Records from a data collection
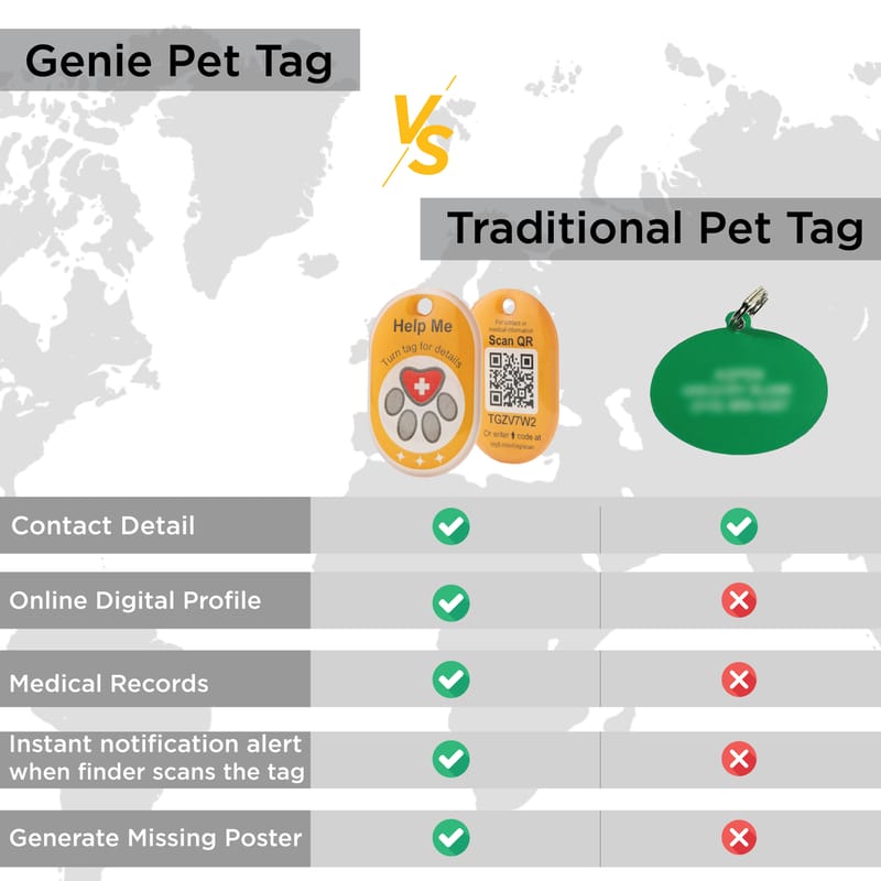 Locate Your Missing Pet - Lost your dog or cat? Find a pet with this dog finder and cat finder tag! This pet tag sends you an email notification when a finder scans the QR code. Like a pet tracker, it provides the signals GPS Position where the scan took place. Log into the Genie Smart Tag website to get it. Finder Tags with Emergency contact - Keep this cute collar tag on your pet all the time. The pets ID tag lets the finder see the pet parent's contact details and the pet’s medical information. You may also store multiple contacts details, which include other caretakers. Manage Your Pet’s Digital Profile - Make sure that your dog ID tag and cat ID tag has your pet’s info. Create your dog or cat's online profile with photo, vaccinations, allergies and other information. Registering on the website activates the smart tag and keeps your pet’s details in one place, Safe & Secure Instantly Generate Missing Posters - Create a digital missing poster of your dog or cat via the Genie Smart Tag website. With just one click, you can immediately share it on social media. Arrange Important Reminders and Alerts - The mobile website that comes with this pet ID helps set important reminders. You can schedule your pet’s vaccination, deworming, grooming and other alerts on the website. With this QR code pet id tag, keeping tabs on your pet’s activities is easy!
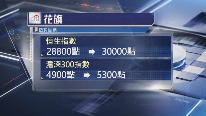 花旗預期,恒指內的公司每股盈利增幅將由去年的2.2%,升至今年預測的9.1%,將恒指今年底的目標由原來28800點上調4%,至30000點,預測市盈率(PE)11.9倍,相比環球股市仍屬於偏低,滬深300指數目標亦上調。
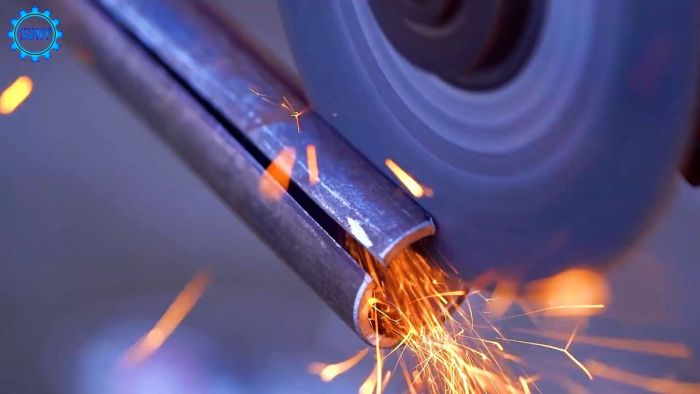 Из трубы необходимо сделать заготовку длиной 320 мм с вырезом шириной 20 мм и длиной 300 мм. Его стороны должны быть строго параллельными.
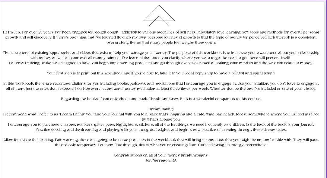 This freshly revised 55-page course workbook is designed to guide you from financial frustration to flourishing freedom. Whether you're under-earning, rolling in riches but feeling restricted, or simply seeking a profound relationship with your finances, this book would prove a transformative journey for you.
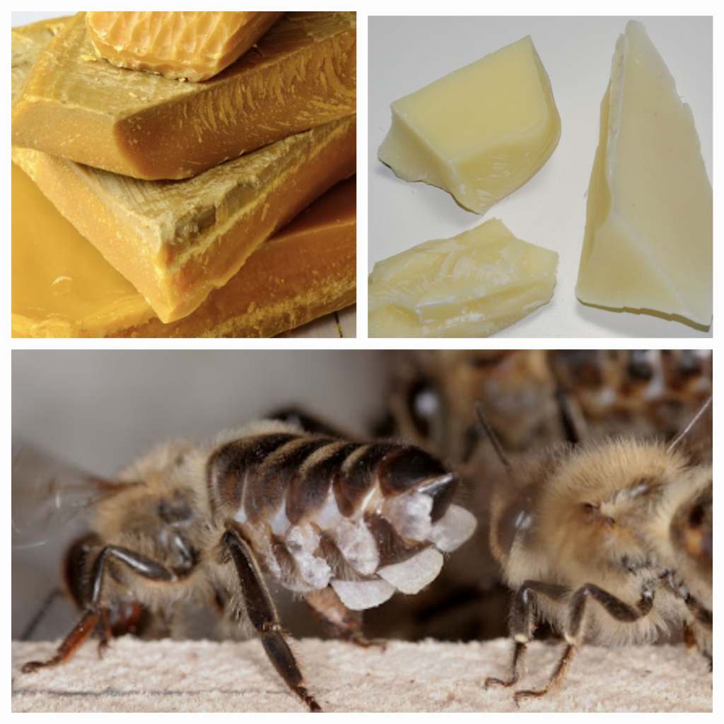 “La cera è costituita da una miscela molto complessa di sostanze chimiche organiche, in cui predominano acidi grasssi, alcoli a lunga catena e i loro esteri. Le sostanze che compongono la cera sono pressoché insolubili in acqua e dotate di notevole inerzia chimica. […] La cera si raccoglie in scagliette […] il cui aspetto ripete quello degli specchi. Successivamente esse vengono rimosse con l’aiuto delle spazzole delle zampe posteriori, vengono afferrate con le zampe anteriori e con le mandibole, per essere modellate e quindi utilizzare per la costruzione dei favi. […] Ogni scaglia di cera, dello spessore di circa mezzo millimetro, pesa in media soltanto 0,8 mg: ne occorrono dunque 1.250.000 per formare 1kg di cera!”15.

## TASK TO COMPLETE
Repeat every line above precisely; pictures do not belong in the copy.

## SOLUTION TO THE PROBLEM
 Locate Your Missing Pet - Lost your dog or cat? Find a pet with this dog finder and cat finder tag! This pet tag sends you an email notification when a finder scans the QR code. Like a pet tracker, it provides the signals GPS Position where the scan took place. Log into the Genie Smart Tag website to get it. Finder Tags with Emergency contact - Keep this cute collar tag on your pet all the time. The pets ID tag lets the finder see the pet parent's contact details and the pet’s medical information. You may also store multiple contacts details, which include other caretakers. Manage Your Pet’s Digital Profile - Make sure that your dog ID tag and cat ID tag has your pet’s info. Create your dog or cat's online profile with photo, vaccinations, allergies and other information. Registering on the website activates the smart tag and keeps your pet’s details in one place, Safe & Secure Instantly Generate Missing Posters - Create a digital missing poster of your dog or cat via the Genie Smart Tag website. With just one click, you can immediately share it on social media. Arrange Important Reminders and Alerts - The mobile website that comes with this pet ID helps set important reminders. You can schedule your pet’s vaccination, deworming, grooming and other alerts on the website. With this QR code pet id tag, keeping tabs on your pet’s activities is easy!
 花旗預期,恒指內的公司每股盈利增幅將由去年的2.2%,升至今年預測的9.1%,將恒指今年底的目標由原來28800點上調4%,至30000點,預測市盈率(PE)11.9倍,相比環球股市仍屬於偏低,滬深300指數目標亦上調。
 Из трубы необходимо сделать заготовку длиной 320 мм с вырезом шириной 20 мм и длиной 300 мм. Его стороны должны быть строго параллельными.
 This freshly revised 55-page course workbook is designed to guide you from financial frustration to flourishing freedom. Whether you're under-earning, rolling in riches but feeling restricted, or simply seeking a profound relationship with your finances, this book would prove a transformative journey for you.
 “La cera è costituita da una miscela molto complessa di sostanze chimiche organiche, in cui predominano acidi grasssi, alcoli a lunga catena e i loro esteri. Le sostanze che compongono la cera sono pressoché insolubili in acqua e dotate di notevole inerzia chimica. […] La cera si raccoglie in scagliette […] il cui aspetto ripete quello degli specchi. Successivamente esse vengono rimosse con l’aiuto delle spazzole delle zampe posteriori, vengono afferrate con le zampe anteriori e con le mandibole, per essere modellate e quindi utilizzare per la costruzione dei favi. […] Ogni scaglia di cera, dello spessore di circa mezzo millimetro, pesa in media soltanto 0,8 mg: ne occorrono dunque 1.250.000 per formare 1kg di cera!”15.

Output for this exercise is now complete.